## Exercise brief
Look below for the line with "April 23, 1919 - February 15, 2010". Retype it and every line after it to the end, exactly, but leave out the pictures.

Supplied data Start Marker

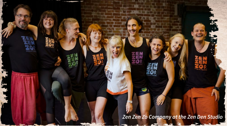
Zen Zen Zo Company at the Zen Den Studio
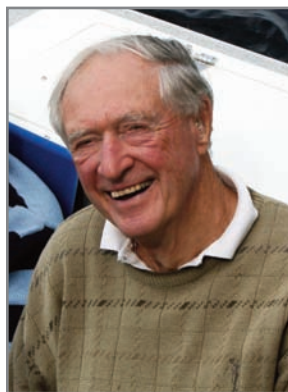
April 23, 1919 - February 15, 2010
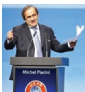
UEFA President Michel Platini delivers a speech after his reelection at the 39th Ordinary UEFA Congress in Vienna on 24 March, 2015.

In many ways, the day summed up the differing fortunes between the sport's European and world governing bodies.
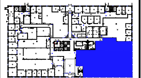
TRI-COUNTY PARKWAY KEY PLAN
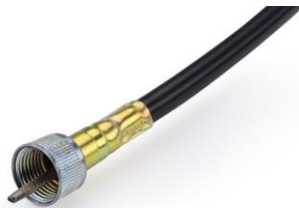
GM Thread On Cable 5/8" - 130048-36 ECD-200BT-1

Supplied data End Marker

## Final answer
April 23, 1919 - February 15, 2010
UEFA President Michel Platini delivers a speech after his reelection at the 39th Ordinary UEFA Congress in Vienna on 24 March, 2015.

In many ways, the day summed up the differing fortunes between the sport's European and world governing bodies.
TRI-COUNTY PARKWAY KEY PLAN
GM Thread On Cable 5/8" - 130048-36 ECD-200BT-1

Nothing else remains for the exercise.